On Sun, Sep 27, 2020 at 11:08 AM Aprill Allen <aprill@...> wrote:
One of the most significant emotions we deal with in the KM domain is fear. 

The most primal is fear of being made redundant by giving away knowledge. 

Fear of not being promoted or recognised because someone else will get the credit. 

Fear of being wrong or inadequate by sharing something less than “perfect”. 

Fear of being reprimanded because knowledge capture takes time and impacts my KPIs. 

Fear of loss of prestige, status or bonuses because the compensation structure is aligned with competition rather than collaboration. 

Knowledge managers have to overcome all these by working with leadership (ideally) to communicate the benefits to individuals and teams, to reconnect with common big picture goals and vision, and to rally around a coordinated effort. When belonging and excitement overtake fear, that’s when the big payoffs materialise. 


Murray Jennex
 

I included a fear of job loss with my factors impacting knowledge sharing and KM use many years ago in my research.  In the major study I did it was not significant and that really surprised me.  The reason was the organizational culture which expected knowledge sharing and in particular took steps to not find fault or other possible punishments when people shared, also the personnel evaluation model had shifted from what you knew to make you valuable to how well you shared.  Bottom line is I agree that fear is an important factor, but it can be mitigated....murray jennex


-----Original Message-----
From: Matt Moore <matt@...>
To: main@sikm.groups.io
Sent: Sat, Sep 26, 2020 10:43 pm
Subject: Re: [SIKM] Emotions & KM

April,

Completely agree that fear is a significant emotion that we deal with. That's why I asked this last year: https://medium.com/@stangarfield/what-is-the-most-confronting-and-challenging-question-for-the-knowledge-management-community-b109f3eb6992

Perhaps the reason that we so often have to deal with fear is that most organisations are run on it. And many of the fears that people experience in organisations are justified. "Would senior management fire me if they could?" Well, yeah, they probably would. "Will people criticise what I do?" Yip. If they think it will make them look good.

So while I agree, we need to try to allay fears and promote positive messages, we also need to be honest with ourselves. If the incentives (be they explicit or tacit) are against collaboration and knowledge work, a knowledge management program that doesn't tackle these issues is likely to fail. If an organisation is a dangerous place (and many are) then fear is rational. Altho I would absolutely agree that not all fears are rational.

More broadly, I'd say that many managers have an at best partial understanding of the emotional states of their subordinates. Which can be both a strength and a weakness.

Regards,

Matt

On Sun, Sep 27, 2020 at 11:08 AM Aprill Allen <aprill@...> wrote:
One of the most significant emotions we deal with in the KM domain is fear. 

The most primal is fear of being made redundant by giving away knowledge. 

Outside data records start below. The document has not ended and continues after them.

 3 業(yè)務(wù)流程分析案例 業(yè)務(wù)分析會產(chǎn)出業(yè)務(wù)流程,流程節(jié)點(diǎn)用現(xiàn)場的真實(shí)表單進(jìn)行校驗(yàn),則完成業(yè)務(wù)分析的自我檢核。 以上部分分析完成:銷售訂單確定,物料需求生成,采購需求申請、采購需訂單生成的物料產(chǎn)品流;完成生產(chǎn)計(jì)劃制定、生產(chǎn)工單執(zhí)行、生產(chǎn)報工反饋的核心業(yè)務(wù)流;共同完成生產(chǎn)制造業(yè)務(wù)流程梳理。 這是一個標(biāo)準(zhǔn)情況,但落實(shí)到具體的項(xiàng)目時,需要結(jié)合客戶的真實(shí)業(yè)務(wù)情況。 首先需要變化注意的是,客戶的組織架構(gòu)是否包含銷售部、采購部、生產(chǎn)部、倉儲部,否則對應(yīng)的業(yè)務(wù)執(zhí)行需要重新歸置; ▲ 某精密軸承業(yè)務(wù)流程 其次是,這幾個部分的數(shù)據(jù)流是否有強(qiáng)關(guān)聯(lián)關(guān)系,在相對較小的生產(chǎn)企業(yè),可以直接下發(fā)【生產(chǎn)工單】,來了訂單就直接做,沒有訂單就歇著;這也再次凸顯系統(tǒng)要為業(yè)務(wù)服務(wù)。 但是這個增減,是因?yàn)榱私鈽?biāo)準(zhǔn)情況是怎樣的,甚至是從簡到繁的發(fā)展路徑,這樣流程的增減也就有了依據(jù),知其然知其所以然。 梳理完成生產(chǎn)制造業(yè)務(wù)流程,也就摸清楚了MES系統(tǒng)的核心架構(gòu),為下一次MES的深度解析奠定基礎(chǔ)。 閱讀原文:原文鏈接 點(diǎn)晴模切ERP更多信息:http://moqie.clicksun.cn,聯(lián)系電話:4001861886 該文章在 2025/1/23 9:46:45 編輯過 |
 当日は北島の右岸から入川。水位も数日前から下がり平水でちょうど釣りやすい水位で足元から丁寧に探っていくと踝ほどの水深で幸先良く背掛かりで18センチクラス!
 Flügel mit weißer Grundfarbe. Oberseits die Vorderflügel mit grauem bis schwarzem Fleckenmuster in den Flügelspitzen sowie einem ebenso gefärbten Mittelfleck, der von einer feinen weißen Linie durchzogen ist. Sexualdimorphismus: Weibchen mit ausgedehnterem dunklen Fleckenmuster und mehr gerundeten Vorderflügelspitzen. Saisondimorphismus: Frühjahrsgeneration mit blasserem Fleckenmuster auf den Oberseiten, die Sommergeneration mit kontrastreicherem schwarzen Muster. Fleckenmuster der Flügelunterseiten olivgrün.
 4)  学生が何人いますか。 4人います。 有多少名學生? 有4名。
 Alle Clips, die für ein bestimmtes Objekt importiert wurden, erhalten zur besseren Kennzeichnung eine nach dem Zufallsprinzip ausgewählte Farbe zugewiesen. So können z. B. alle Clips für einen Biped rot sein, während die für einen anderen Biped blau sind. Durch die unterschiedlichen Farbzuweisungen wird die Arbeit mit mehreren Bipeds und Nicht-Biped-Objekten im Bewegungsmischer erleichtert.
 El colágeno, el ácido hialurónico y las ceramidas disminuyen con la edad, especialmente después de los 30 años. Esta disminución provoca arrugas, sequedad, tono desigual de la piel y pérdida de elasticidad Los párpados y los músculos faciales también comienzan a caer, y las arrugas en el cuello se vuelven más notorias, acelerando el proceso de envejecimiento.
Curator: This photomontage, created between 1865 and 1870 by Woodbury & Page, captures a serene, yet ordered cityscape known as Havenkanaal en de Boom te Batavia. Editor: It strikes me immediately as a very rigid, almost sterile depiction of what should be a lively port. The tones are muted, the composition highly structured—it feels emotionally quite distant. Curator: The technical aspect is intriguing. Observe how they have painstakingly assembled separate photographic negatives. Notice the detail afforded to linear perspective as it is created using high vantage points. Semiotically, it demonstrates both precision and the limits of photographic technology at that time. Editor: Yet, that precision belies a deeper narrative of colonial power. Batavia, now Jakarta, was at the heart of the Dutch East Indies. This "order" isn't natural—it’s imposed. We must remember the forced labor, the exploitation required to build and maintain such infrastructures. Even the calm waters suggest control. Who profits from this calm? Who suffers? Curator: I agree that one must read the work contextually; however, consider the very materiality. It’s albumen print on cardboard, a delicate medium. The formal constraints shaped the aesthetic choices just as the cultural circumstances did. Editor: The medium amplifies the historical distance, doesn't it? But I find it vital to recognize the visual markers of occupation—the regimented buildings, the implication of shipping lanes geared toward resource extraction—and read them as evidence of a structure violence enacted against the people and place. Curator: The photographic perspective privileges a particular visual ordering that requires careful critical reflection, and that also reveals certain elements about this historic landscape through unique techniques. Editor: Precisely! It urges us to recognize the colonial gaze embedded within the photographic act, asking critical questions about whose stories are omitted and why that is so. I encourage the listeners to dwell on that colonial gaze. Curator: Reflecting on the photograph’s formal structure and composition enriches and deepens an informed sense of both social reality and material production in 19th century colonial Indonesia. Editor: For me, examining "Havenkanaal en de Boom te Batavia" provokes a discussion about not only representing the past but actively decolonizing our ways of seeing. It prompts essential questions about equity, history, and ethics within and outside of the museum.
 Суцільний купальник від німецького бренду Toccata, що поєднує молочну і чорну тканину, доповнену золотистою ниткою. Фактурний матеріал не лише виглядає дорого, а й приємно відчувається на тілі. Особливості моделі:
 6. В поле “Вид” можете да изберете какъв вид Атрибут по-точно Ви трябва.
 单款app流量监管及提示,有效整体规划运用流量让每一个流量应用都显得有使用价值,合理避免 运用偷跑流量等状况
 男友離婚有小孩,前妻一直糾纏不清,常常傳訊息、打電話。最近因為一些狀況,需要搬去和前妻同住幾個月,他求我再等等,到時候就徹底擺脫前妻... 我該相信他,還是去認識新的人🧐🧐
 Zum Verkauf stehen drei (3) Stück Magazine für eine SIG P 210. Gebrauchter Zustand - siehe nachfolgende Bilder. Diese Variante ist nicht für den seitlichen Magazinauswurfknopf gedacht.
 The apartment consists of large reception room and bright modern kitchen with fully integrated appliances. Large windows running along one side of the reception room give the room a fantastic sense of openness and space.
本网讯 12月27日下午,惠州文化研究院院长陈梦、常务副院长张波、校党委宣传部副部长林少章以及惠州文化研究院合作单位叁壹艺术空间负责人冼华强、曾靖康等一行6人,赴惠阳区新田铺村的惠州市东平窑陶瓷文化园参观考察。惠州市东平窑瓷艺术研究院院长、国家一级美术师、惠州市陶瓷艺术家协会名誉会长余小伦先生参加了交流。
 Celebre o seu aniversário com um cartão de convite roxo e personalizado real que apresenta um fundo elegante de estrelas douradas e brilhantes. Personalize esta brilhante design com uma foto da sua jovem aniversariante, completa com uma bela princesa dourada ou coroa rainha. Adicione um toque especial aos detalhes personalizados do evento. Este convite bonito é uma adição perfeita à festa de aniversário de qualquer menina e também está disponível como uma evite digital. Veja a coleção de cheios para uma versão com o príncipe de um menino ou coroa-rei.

Fear of not being promoted or recognised because someone else will get the credit. 

Fear of being wrong or inadequate by sharing something less than “perfect”. 

Fear of being reprimanded because knowledge capture takes time and impacts my KPIs. 

Fear of loss of prestige, status or bonuses because the compensation structure is aligned with competition rather than collaboration. 

Knowledge managers have to overcome all these by working with leadership (ideally) to communicate the benefits to individuals and teams, to reconnect with common big picture goals and vision, and to rally around a coordinated effort. When belonging and excitement overtake fear, that’s when the big payoffs materialise. 


Stan Garfield
 

Reminder: New day and time for the October monthly call
This month's call will be held on a special day and time. Our speaker, Matt Moore, would like to include fellow Australians. So the call will start at 5:00 pm US EDT on Monday, October 19, 2020, which is 8:00 am on Tuesday, October 20 in Sydney. Matt's topic will be More Than A Feeling: Knowledge Management & Emotion. Please update your calendars.

The call will held be in Zoom, not using our usual dial-in numbers.